Зубочистка поморщился.
– Ну и кому оно надо? – спросил он. – Выживших все меньше. Общины вымирают. Мутантов все больше. Бардак на острове, безвластие, за продовольствие войны ведутся, а вы – пути сообщения. Порядок надо сначала навести…
– Без связи нет порядка, – сказал Пошта. – Это я тебе как листоноша говорю.
Первый выстрел был похож на щелчок пальцами. Бренчавший на гитаре сталкер вдруг замолк, дернулся странно и завалился лицом в костер. Сухо затрещала, вспыхивая, гитара. Никто даже не понял, что произошло, когда щелчок повторился, и упал уже один из охранников каравана, выронив автомат.
– Снайпер! – заорал Пошта, бросаясь на землю.
И словно в ответ на его вопль глухо ахнула мина-растяжка, после чего в небе долбанула ярко-зеленая сигнальная ракета.
– Налет! – закричал Буйен. – В ружье!

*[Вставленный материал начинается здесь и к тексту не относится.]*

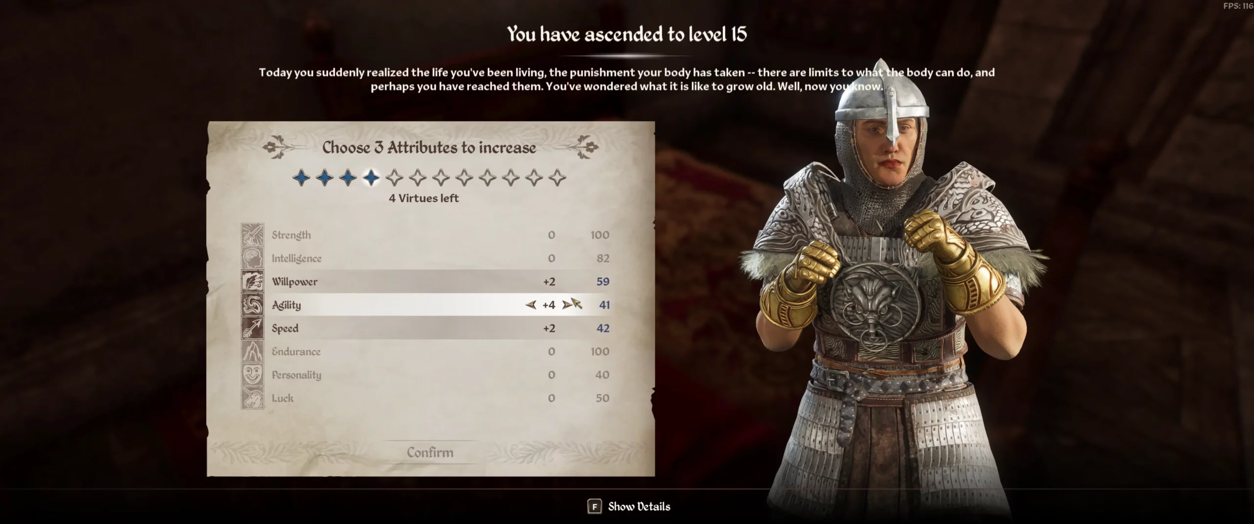 Когда основные атрибуты вкачаны до 100, герой начинает слабеть с каждым новым уровнем
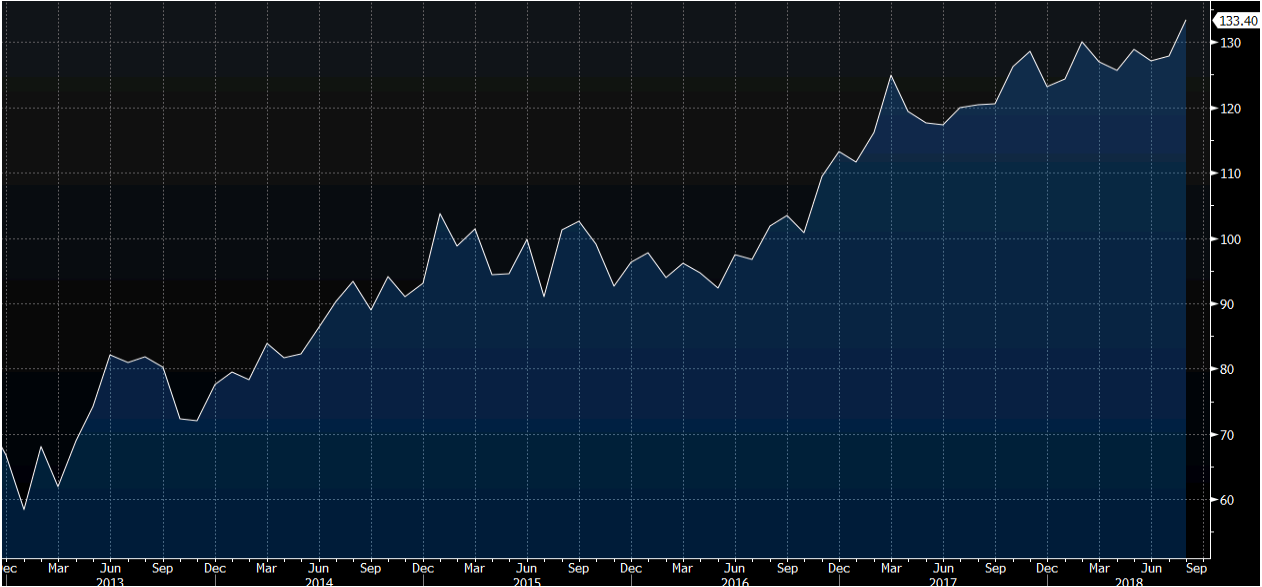 Consumer confidence in the US continues to excel, with the conference board measure for August reaching its highest in many years. Source: Bloomberg
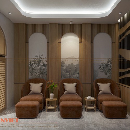 Bước vào bên trong là nơi chăm sóc khách hàng với các gói dịch vụ về chân, gội đầu. Khu vực chính giữa là bàn tư vấn của spa, góc bên trái là nơi bố trí các ghế ngồi chăm sóc chân, bên phải là ghế nằm gội đầu. PenViet thấu hiểu các quy định khi bố trí thiết bị spa nhằm đảm bảo sự thuận tiện nhất cho nhân viên làm việc và tính thoải mái cho khách hàng.
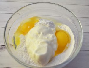 - Združite pecilni prašek, moko, jajca, jogurt (200 g), vanilin.
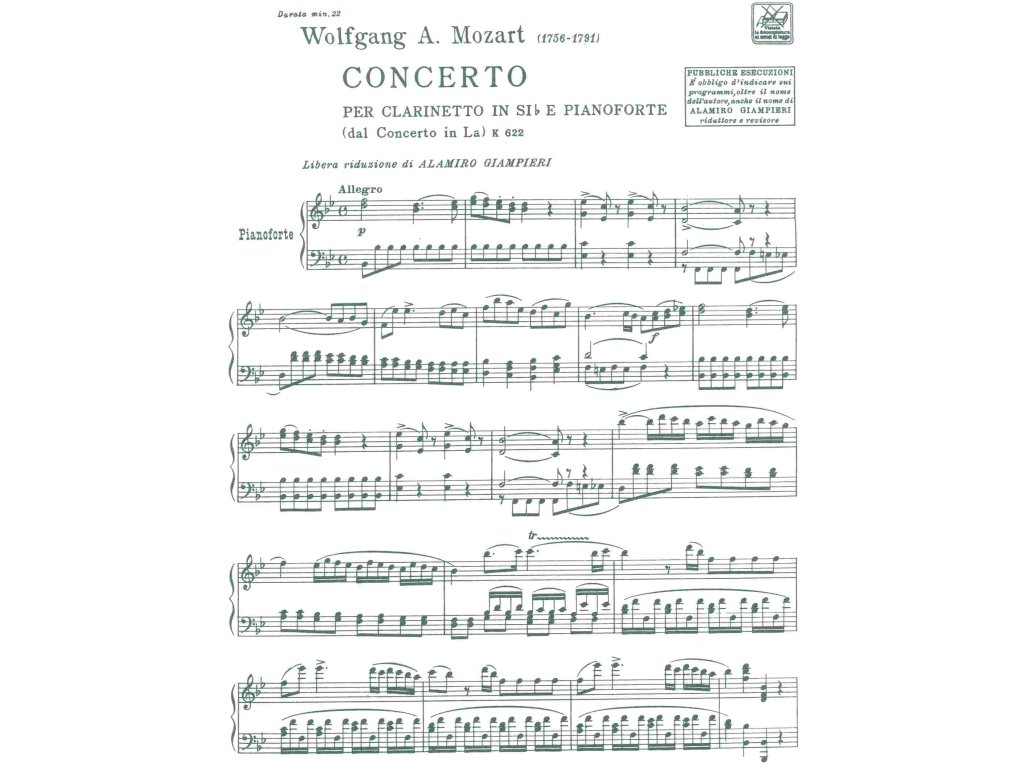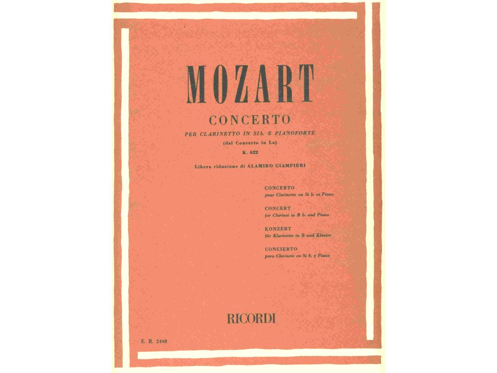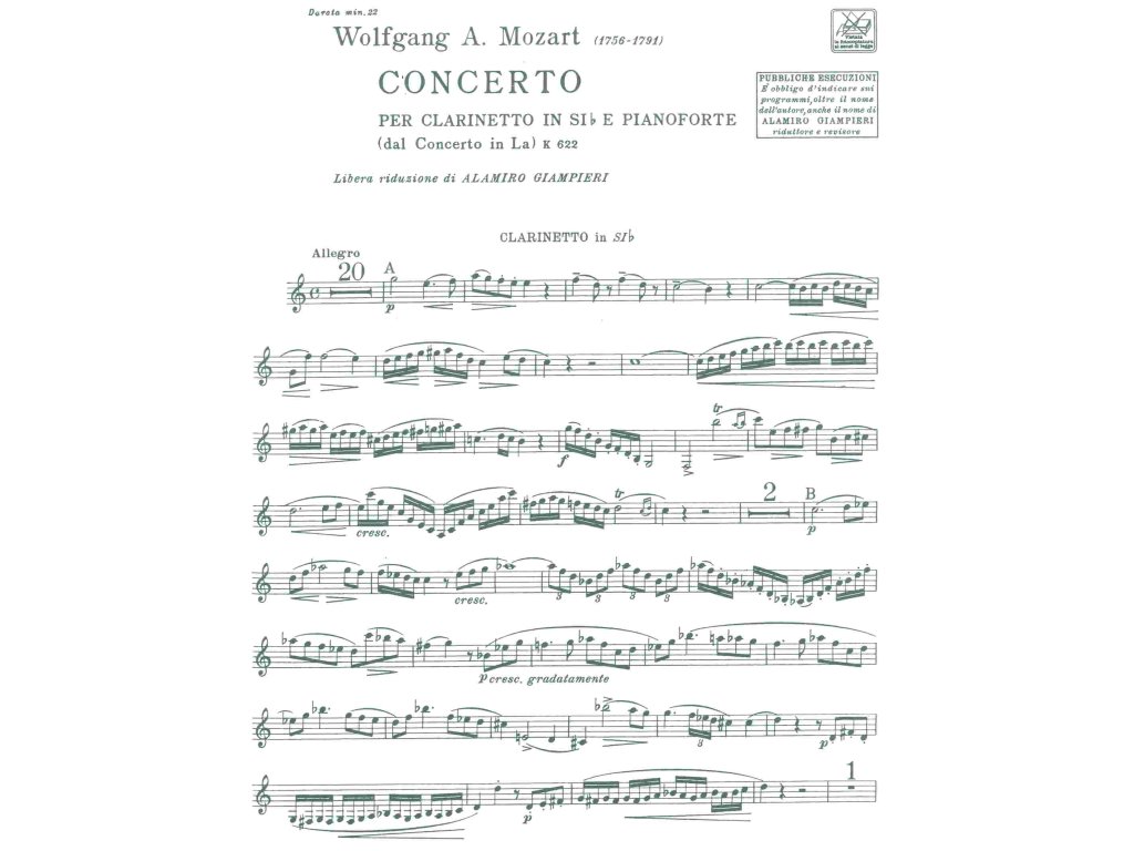 Slavný Mozartův CONCERT A Dur, OP. 107, K622 pro klarinet a orchestr, upravený pro dnešní Bb klarinet a klavír (piano reduction). Sešit obsahuje klavírní doprovod plus samostatný part pro klarinet.
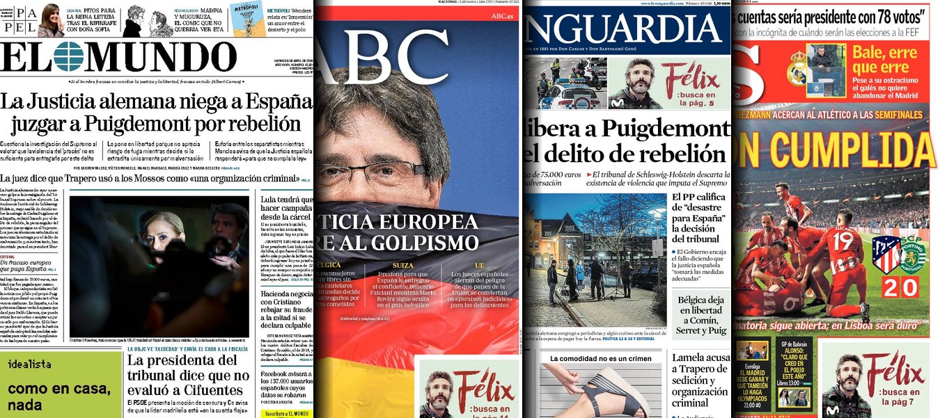 Portadas de los diarios El Mundo, El País, ABC, La Razón, La Vanguardia, El Periódico, Cinco Días, El Economista, Marca, As, Mundo Deportivo y Sport.

Это налет!
Паника вспыхнула так же мгновенно, как упавшая в костер гитара. Люди заметались, задергались, забегали беспорядочно, кто-то с кем-то сцепился, кто-то истошно заголосил. А невидимый снайпер продолжал снимать охранников одного за другим.
«Он нас прекрасно видит на фоне костра, – понял Пошта, – а мы его – нет».
Листоноша подполз к полевой кухне, схватил десятилитровое пластиковое ведро с водой и в прыжке выплеснул содержимое в огонь. Окончательно пламя не погасло, но большую часть все-таки удалось сбить. Что было хорошо, так это то, что мокрые дрова мигом начали чадить, испуская серый сырой дым, заволакивающий окрестности поезда и паникующих людей.
Дымовая завеса – лучшая защита от снайпера.
Тем временем Буйен привел в чувство своих бойцов, и те организовали сопротивление. Охрана поезда делилась на звенья из пяти человек – два штурмовика, один пулеметчик, один медик (он же связист) и командир (он же гранатометчик). Три таких звена залегли на границе света и тьмы у подножия холмов, еще два пробрались под вагонами на другую сторону поезда.
Незадействованные в обороне охранники пинками и матом гнали взбесившееся людское стадо обратно в вагоны, под защиту бронированных стен.
Пулеметы охранников – РПК и один М60 – были заряжены правильно, для ночного боя, каждый третий патрон – с трассирующей пулей. Поэтому когда охранники открыли огонь на подавление, ночь расцвела сполохами трассеров и отсветами взрывов.
Кто бы не штурмовал поезд, делал он это массированной атакой со всех направлений. Первый рубеж – сигнальные ракеты – нападающие прошли быстро и почти без остановок. Мины-ловушки чуть задержали и проредили их ряды. А потом началась окопная война, в которой, как знал Пошта, обороняющиеся проигрывают всегда, как бы ловко и профессионально они ни действовали.
Но тут Буйен приготовил нападающим сюрприз. Когда последние штатские скрылись внутри поезда, а сталкеры-волонтеры примкнули к охранникам, поддерживая их огнем из разномастных стволов (от дробовиков и «макаровых» – до «таворов» и «глоков»), Буйен приказал сдернуть брезент с центральной платформы поезда.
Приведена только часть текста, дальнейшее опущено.